Link:  Pharm/Biotech Resources

Released by FDA:  3/22/05.  Posted by FDA:  3/23/05

Daniel T. Coleman, Ph.D.
Associate Director, Drug Regulatory Affairs
Boehringer Ingelheim Pharmaceuticals, Inc.
900 Ridgebury Road
P.O. Box 368
Ridgefield, CT 06877-0368

RE:   NDA # 20-884
         Aggrenox® (aspirin/extended-release dipyridamole) Capsules
         MACMIS ID # 12917

Dear Dr. Coleman:

The Division of Drug Marketing, Advertising, and Communications (DDMAC) has reviewed a journal ad (AG-8951R) for Aggrenox® (aspirin/extended-release dipyridamole) Capsules submitted by Boehringer Ingelheim Pharmaceuticals, Inc. (Boehringer Ingelheim) under cover of Form FDA 2253 on September 19, 2004.  The journal ad is false or misleading because it contains unsubstantiated superiority claims and fails to include pertinent information about risks associated with Aggrenox, and, therefore, misbrands the drug in violation of section 502(n) of the Federal Food, Drug, and Cosmetic Act (Act), 21 U.S.C. § 352(n), and FDA's implementing regulations, 21 CFR 202.1(e)(3)(i); (e)(5)(ii); (e)(6)(ii).

Background

According to the FDA-approved product labeling (PI), Aggrenox is an oral combination antiplatelet agent indicated "to reduce the risk of stroke in patients who have had transient ischemia of the brain or completed ischemic stroke due to thrombosis."

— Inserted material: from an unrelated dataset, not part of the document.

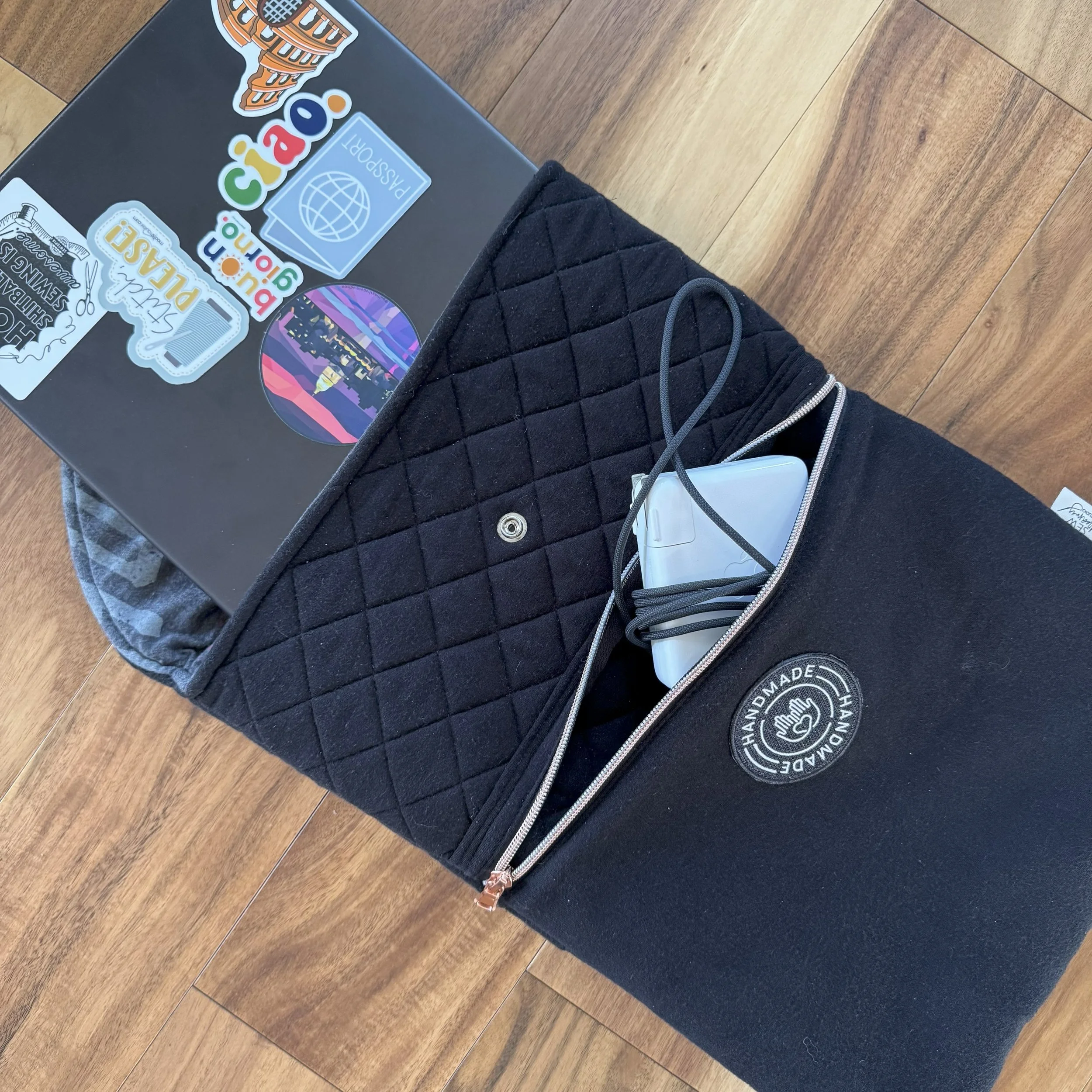 This quilted tech case is a simple, stylish way to protect your laptop, tablet, or e‑reader. Perfect for using up favorite fabrics or even repurposing a sweatshirt, it’s quick to sew, fully customizable, and a thoughtful alternative to store‑bought cases. Modern, practical, and personal - all in one easy project!

The PI for Aggrenox contains several Contraindications, Warnings, Precautions, and Adverse Reactions, including Warnings regarding the consumption of alcohol, coagulation abnormalities, gastrointestinal (GI) side effects (including ulceration and bleeding), peptic ulcer disease, and pregnancy, as well as a Precaution regarding the risk of gastrointestinal bleeding and intracranial hemorrhage.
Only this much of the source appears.